I’m making a deliberate effort in this post to use the already established jargon and language of the broader SC community. To this end I suggest that unfamiliar readers review documents such as eth-research-based, eth-docs-zk and nested links therein before proceeding with this post.

Brief description of based zk rollups

A zk rollup is an L2 scaling solution where L2 operators use succinct zk validity proofs to prove correct smart contract execution without requiring L1 validators to run the full computations themselves. A based zk rollup is a type of rollup design where the L2 is committed to operations submitted to L1 as data blobs (payloads in Kaspa’s jargon), and cannot censor or manipulate the order dictated by L1.

Based zk rollups as an L1 ↔ L2 protocol

Since based zk rollups represent an interaction between the base layer (L1) and the rollup layer (L2), the L1 must expose certain functionalities to support rollup operations. Conceptually, this defines a protocol between L1 validators and L2 provers.
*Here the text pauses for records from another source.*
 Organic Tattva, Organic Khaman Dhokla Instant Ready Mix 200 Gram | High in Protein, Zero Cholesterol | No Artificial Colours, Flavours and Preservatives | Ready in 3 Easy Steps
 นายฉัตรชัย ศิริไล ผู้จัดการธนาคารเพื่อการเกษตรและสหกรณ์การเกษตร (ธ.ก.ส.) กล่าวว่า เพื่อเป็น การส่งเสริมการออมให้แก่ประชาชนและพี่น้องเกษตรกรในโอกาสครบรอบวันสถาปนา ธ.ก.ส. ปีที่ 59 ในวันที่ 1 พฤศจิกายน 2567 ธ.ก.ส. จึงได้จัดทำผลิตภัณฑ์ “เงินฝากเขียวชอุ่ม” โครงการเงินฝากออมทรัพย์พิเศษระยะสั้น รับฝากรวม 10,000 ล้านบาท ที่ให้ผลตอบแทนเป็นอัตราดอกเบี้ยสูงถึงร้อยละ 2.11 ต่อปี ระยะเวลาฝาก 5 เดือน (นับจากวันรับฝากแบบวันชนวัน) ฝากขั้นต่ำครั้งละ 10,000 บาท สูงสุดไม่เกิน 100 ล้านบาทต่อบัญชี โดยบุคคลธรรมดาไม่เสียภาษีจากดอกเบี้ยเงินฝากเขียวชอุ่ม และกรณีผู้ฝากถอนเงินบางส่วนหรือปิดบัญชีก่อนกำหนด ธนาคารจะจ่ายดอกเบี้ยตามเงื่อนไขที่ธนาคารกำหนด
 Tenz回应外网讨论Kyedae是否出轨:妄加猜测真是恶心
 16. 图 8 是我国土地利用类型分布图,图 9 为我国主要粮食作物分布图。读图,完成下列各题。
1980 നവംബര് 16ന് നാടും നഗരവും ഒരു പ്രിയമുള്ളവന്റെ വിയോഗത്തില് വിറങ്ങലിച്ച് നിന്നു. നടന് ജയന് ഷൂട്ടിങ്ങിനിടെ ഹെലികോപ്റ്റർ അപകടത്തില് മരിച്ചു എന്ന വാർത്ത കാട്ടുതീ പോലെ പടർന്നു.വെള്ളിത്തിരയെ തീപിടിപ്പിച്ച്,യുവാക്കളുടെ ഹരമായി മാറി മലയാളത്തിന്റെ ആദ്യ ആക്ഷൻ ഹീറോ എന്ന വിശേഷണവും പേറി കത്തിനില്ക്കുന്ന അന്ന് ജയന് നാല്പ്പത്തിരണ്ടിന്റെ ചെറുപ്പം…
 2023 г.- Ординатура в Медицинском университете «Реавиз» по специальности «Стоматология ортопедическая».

Logical functionalities expected from L1:

Aggregate rollup transactions: L1 aggregates user-submitted data blobs in the order received, providing a reliable anchoring for L2 validity proofs.
Verify proof submissions: L2 operators submit zk proofs that confirm correct processing of these transactions, ensuring L2 execution follows the agreed protocol and updating the L2 state commitments stored on L1.
Entry/Exit of L1 funds: The protocol must enable deposits and withdrawals of native L1 funds to and from L2, ensuring consistent state and authorized spending.

Key point: L1 acting as the zk proof verifier (point 2) is crucial for enabling the native currency (KAS) to serve as collateral for L2 financial activity, underscoring the importance of point 3. Additional benefits of having L1 verify the proofs include establishing a clear, single point of verification (enforced by L1 consensus rather than requiring each interested party to perform it individually) and providing proof of state commitment for new L2 validators.
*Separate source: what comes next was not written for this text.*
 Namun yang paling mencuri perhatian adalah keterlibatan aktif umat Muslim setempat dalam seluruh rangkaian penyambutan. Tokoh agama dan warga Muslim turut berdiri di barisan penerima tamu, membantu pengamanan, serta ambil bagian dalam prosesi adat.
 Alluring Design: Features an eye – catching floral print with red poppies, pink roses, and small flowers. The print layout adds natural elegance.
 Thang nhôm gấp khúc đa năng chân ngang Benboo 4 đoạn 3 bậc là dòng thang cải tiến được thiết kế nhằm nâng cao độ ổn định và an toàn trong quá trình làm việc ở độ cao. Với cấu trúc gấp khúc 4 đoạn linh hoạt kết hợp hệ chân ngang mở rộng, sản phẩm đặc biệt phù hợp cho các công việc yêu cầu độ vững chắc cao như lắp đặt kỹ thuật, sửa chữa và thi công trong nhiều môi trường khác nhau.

VM-based vs. UTXO-based L1

When the L1 is a fully-fledged smart contract VM, the establishment of this protocol is straightforward: the rollup designer (i) publishes a core contract on L1 with a set of rules for L1 validators to follow when interacting with the rollup; and (ii) specifies a program hash (PROG) that the L2 provers are required to prove the execution of (via a zk proof, ZKP). This two-sided interplay establishes a well-defined commitment of the rollup to its users.
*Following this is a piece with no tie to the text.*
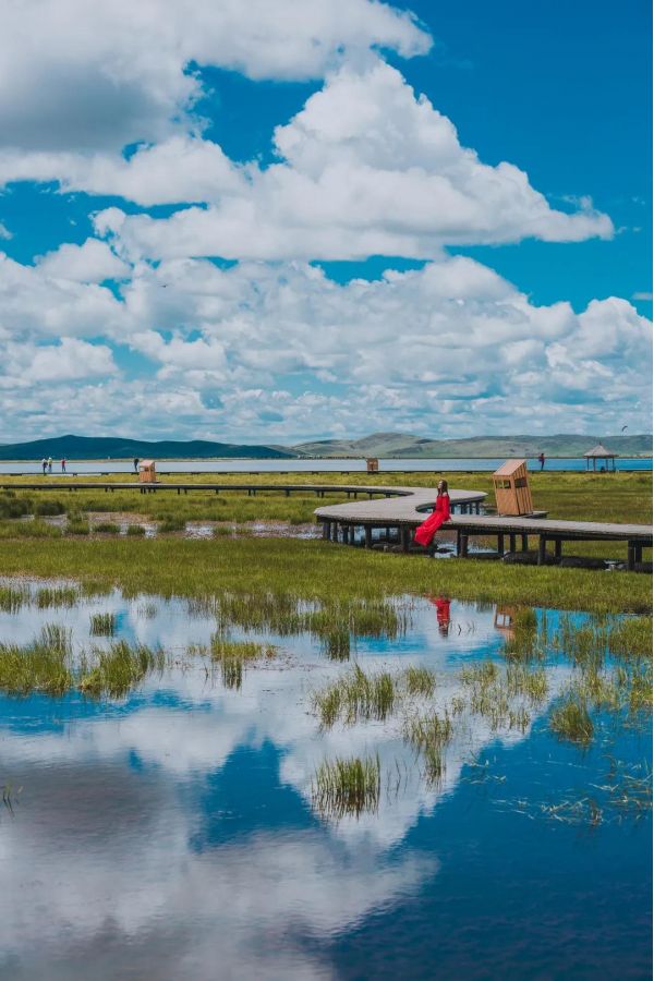 然后我們前往草原湖泊【若爾蓋花湖】,花湖湖面遼闊,水下是深不可測的沼澤地,在陽光的照耀下,水面反射出不同的光彩,攝人心魄。湖邊是大片茂密的蘆葦叢,隨微風拂動,越發映襯出湖面的寧靜與滄桑。花湖最漂亮的時候是每年夏天,草地上開滿了五顏六色的花朵,極為漂亮。廣闊的草原一片碧綠,藍色的花湖被一片綠色包圍,仿佛綠色地毯上的一顆藍寶石,美輪美奐。湖邊建有木質棧道,一直延伸到水中,可以沿著棧道走到濕地深處,沿途都可以找到拍大片的好角度。花湖是眾多野生飛禽的主要棲息地,湖面上游弋著黃鴨、斑頭雁、天鵝、黑頸鶴等珍稀動物,還有高原魚類和其他珍稀動物。坐在湖邊或者棧道上的亭子里,常有黑頸鶴從湖面上掠過。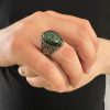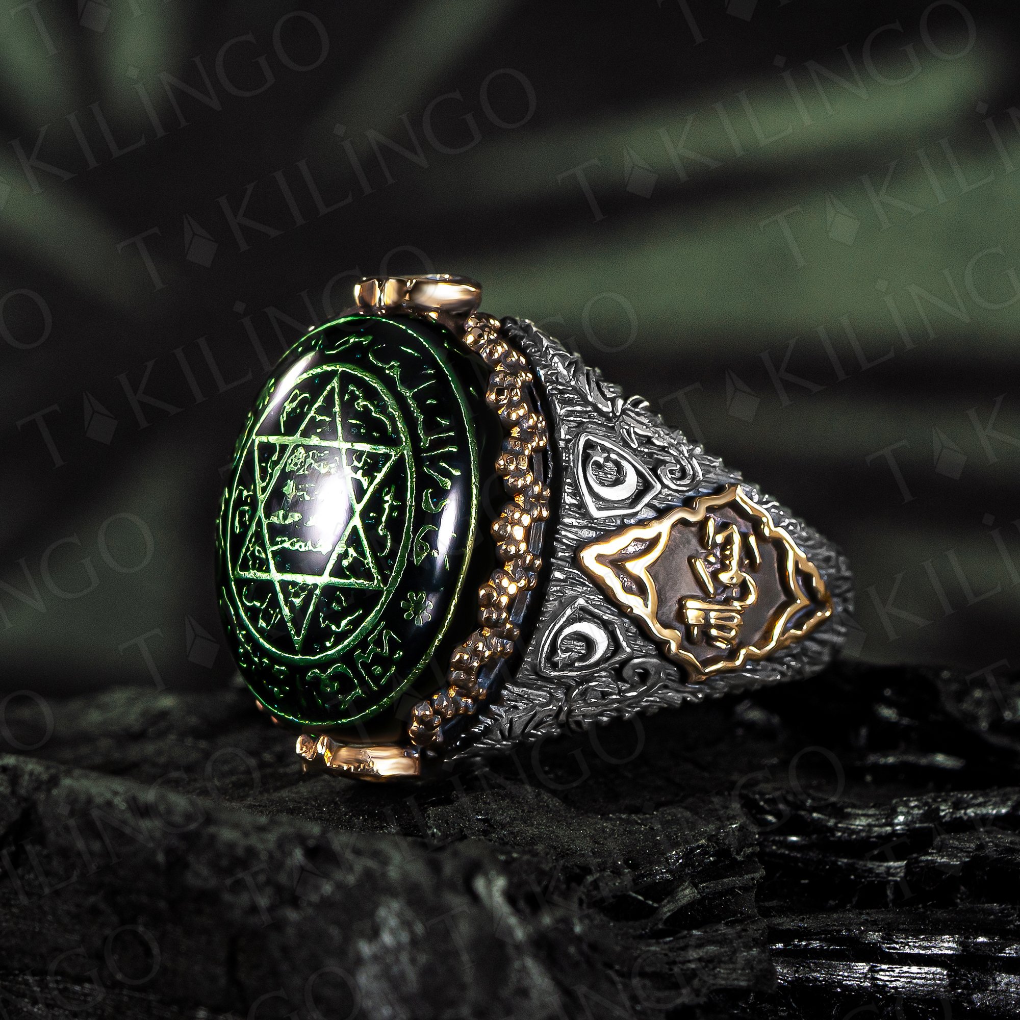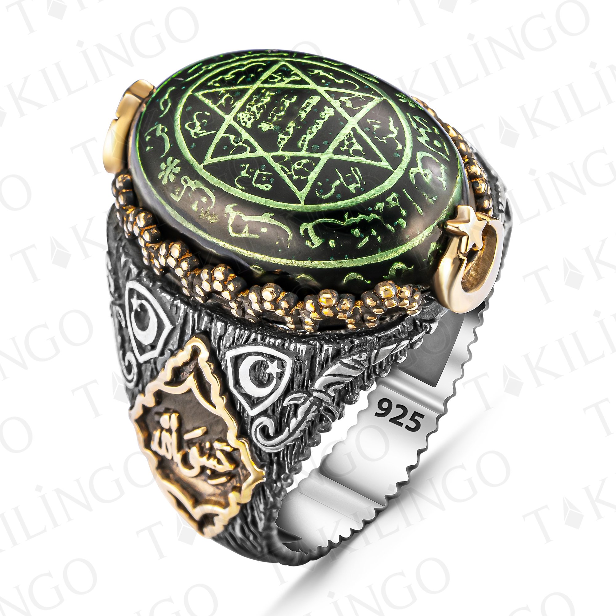 925 Ayar Gümüş Yeşil Kehribar Taşlı Mührü Süleyman Yazılı Erkek Yüzük

For UTXO/scripting-based L1s like Kaspa, a more embedded approach is required in order to support various rollup designs in the most generic and flexible way.

Technical design of the L1 side of the protocol in UTXO systems

To begin with, I present a simplified design which assumes a single rollup managed by a single state commitment on L1. Following this minimum-viable design I discuss the implications of alleviating these assumptions.

Kaspa DAG preliminaries

A block B \in G has a selected parent \in parents(B) as chosen by GHOSTDAG. The mergeset of B is defined as past(B) \setminus past(\text{selected parent of } B). The block inherits the ordering from its selected parent and appends its mergeset in some consensus-agreed topological order. Block C is considered a chain block from B 's pov if there’s a path of selected parent links from B to C (which means the DAG ordering of B is an extension of C ’s DAG ordering).

Detailed protocol design

Recursive DAG ordering commitments:

A new header field, called ordered_history_merkle_root, will be introduced to commit to the full, ordered transaction history. The purpose of this field is to maintain a recursive commitment to the complete sequence of (rollup) transactions. The leftmost leaf of the underlying Merkle tree will contain the selected parent’s ordered_history_merkle_root, thereby recursively referencing the entire ordered history. The remaining tree leaves correspond to the ordered sequence of mergeset transactions, as induced by the mergeset block order.

ZK-related opcodes:

OpZkVerify: An opcode that accepts public proof arguments and verifies the correctness of the zk proof (our final design might decompose this opcode into more basic cryptographic primitives; however, this is out of scope for this post and will be continued by @reshmem).
OpChainBlockHistoryRoot: An opcode that provides access to the ordered_history_merkle_root field of a previous chain block. This opcode expects a block hash as an argument and fails if the block has been pruned (i.e., its depth has passed a threshold) or is not a chain-block from the perspective of the merging block executing the script. It will be used to supply valid anchor points to which the ZKP can prove execution.

State-commitment UTXO:

The UTXO responsible for managing the rollup state will appear as an ordinary UTXO from L1’s perspective, with no special handling or differentiation at the base layer. The UTXO spk (script_public_key) will be of type p2sh (pay to script hash), which will represent the hash of a more complex structure. Specifically, it will be the hash of the following pre-image:

PROG (the hash of the permanent program L2 is obligated to execute)
state_commitment (the L2 state commitment)
history_merkle_root (the ordered_history_merkle_root from L1’s header, representing the point in the DAG ordering up to which L1 transactions have been processed to produce the corresponding L2 state commitment)
Additional auxiliary data required to verify a ZKP (e.g., a well-known verification key)
The remaining execution script (will be specified below)

Proof transaction:

In its minimal form, a proof transaction consists of an incoming state-commitment UTXO, an outgoing updated state-commitment UTXO and a signature revealing the pre-images and the ZKP.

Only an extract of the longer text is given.